In any community, the faucet has to run faster than the drain

  • A bathtub is an analogy for a local economy, where the water is like the money.
  • People in a community buy things from each other, moving water between various compartments (businesses) in the tub.
  • The amount of water, however, is constant in the tub (the local market).
  • A local market business is always limited by the size of the tub.
  • However, some things are sold outside the community, bringing new money in (faucet)
  • And some things are purchased from the outside world (e.g. autos), sending money out of the community (drain)
  • If the wealth of a community is to grow, the faucet has to run faster than the drain.

Growing a community’s jobs and wealth requires selling innovation to external markets

  • Selling to external markets, brings in new money to the community.
  • Selling innovation to external markets brings in more money than selling commodities
  • Trying to compete by being the lowest cost place to do business drives down the standard of living.
  • If other communities have even lower costs, then the cost of labor, land, power, taxes, etc. must be reduced, meaning salaries and wages are driven down. The tax base for essential public services like police, fire and streets is reduced.  
  • The community gets caught in a race to the bottom and a downward spiral of decreasing returns.

Stage 2 companies play an outsized role

  • Stage 2 companies have proof of market ($1 million in sales) and proof of management (10 employees).
  • Stage 2 companies are beyond survival; they are focused on scaling.
  • Stage 2 companies are about 15% of the total and yet account for about 40% of the jobs.
  • Stage 2 companies need sophisticated information to make strategic decisions.

THE COMPANY

Increased sales are at the heart of job and income growth. 

  • Economic development is about creating good jobs and new wealth, which in turn depends on local companies increasing sales.
  • Increasing sales requires finding ripe markets and customers that are in volatile environments where change is going on.

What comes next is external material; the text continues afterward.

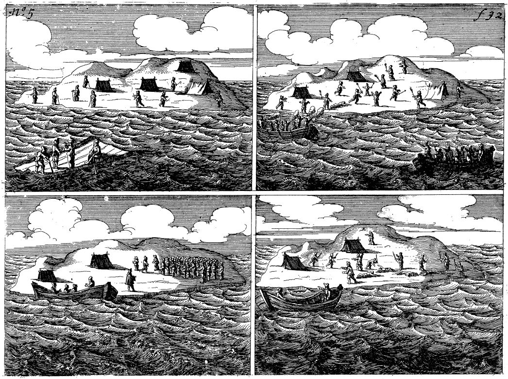 This is an image of Plate 5 from the 1647 Dutch book Ongeluckige voyagie, van't schip Batavia ("Unlucky voyage of the ship Batavia"). In the original work this plate followed Page 32.
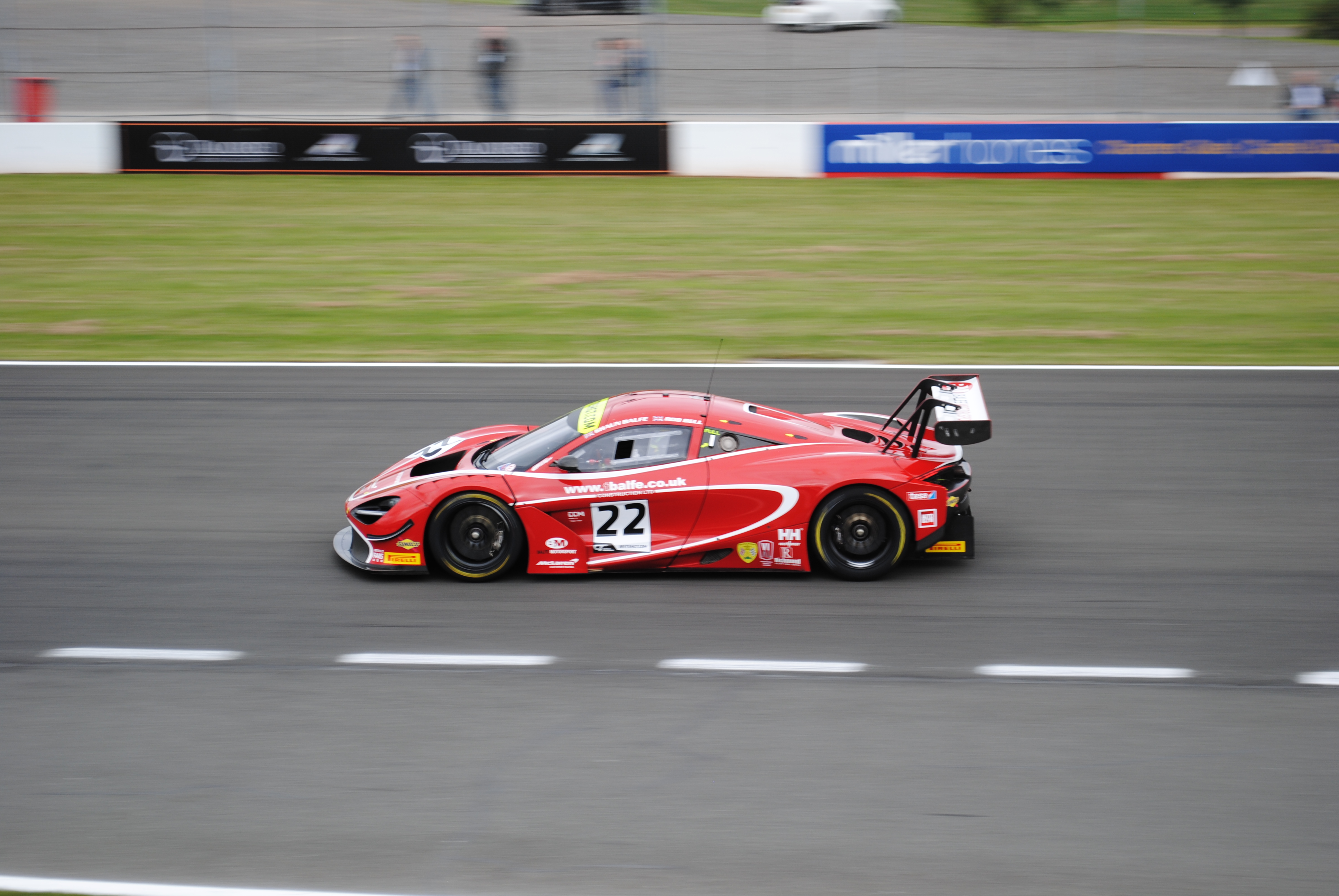 The polesitters and the victores for the finale of the 2019 British GT championship at Donington Park, Shaun Balfe and Rob Bell.

Marketing and selling have changed from “creating motivation” to “finding motivation.”

  • Old economy selling was based on cold calling a targeted company profile. The salesperson tried to create a motivation and then convince the prospect his solution was best.
  • New economy selling works on the assumption that sales are difficult in stable environments and higher probability in volatile environments. In stable environments, people are happy with their product and their vendor. Proposing change introduces uncertainty that could go wrong and maybe even damage your career.
  • In volatile environments, something has changed to create a motivation to make a purchase. It might be that the company was acquired by another, or a new CEO was hired, or a lawsuit was filed, or a new product was introduced by the competitors, or the existing product/service was getting too expensive to operate or maintain.  Some change has motivated the prospective company to start the information search for a better product. 
  • New economy sales, then, are based on finding those who already have motivation (created by some change). The sales window has opened, and the clock is running.
  • Economic Gardening looks for the public signals of volatility, which indicate the potential for higher probability sales calls.

    IN A NUTSHELL

    Economic Gardening gets consistent results because it understands and works within all three economic scales that affect economic development:  the nation, the community and the company.  The program can be summed up in a single sentence:  Provide strategic information and frameworks to help local, Stage 2 companies export innovation to customers in volatile environments.  That sentence does the following:

    • Focuses on wealth creating innovation, not poverty creating commoditization
    • Focuses on the community faucet running faster than the drain
    • Focuses on Stage 2 companies which are outsized producers of jobs
    • Targets ripe markets (growth, disruption, unconsolidated)
    • Identifies customers that are in the market, by looking for public signals of volatility
    • Uses five strategic frameworks to identify and resolve root problems that prohibit growth

    This is why Economic Gardening works.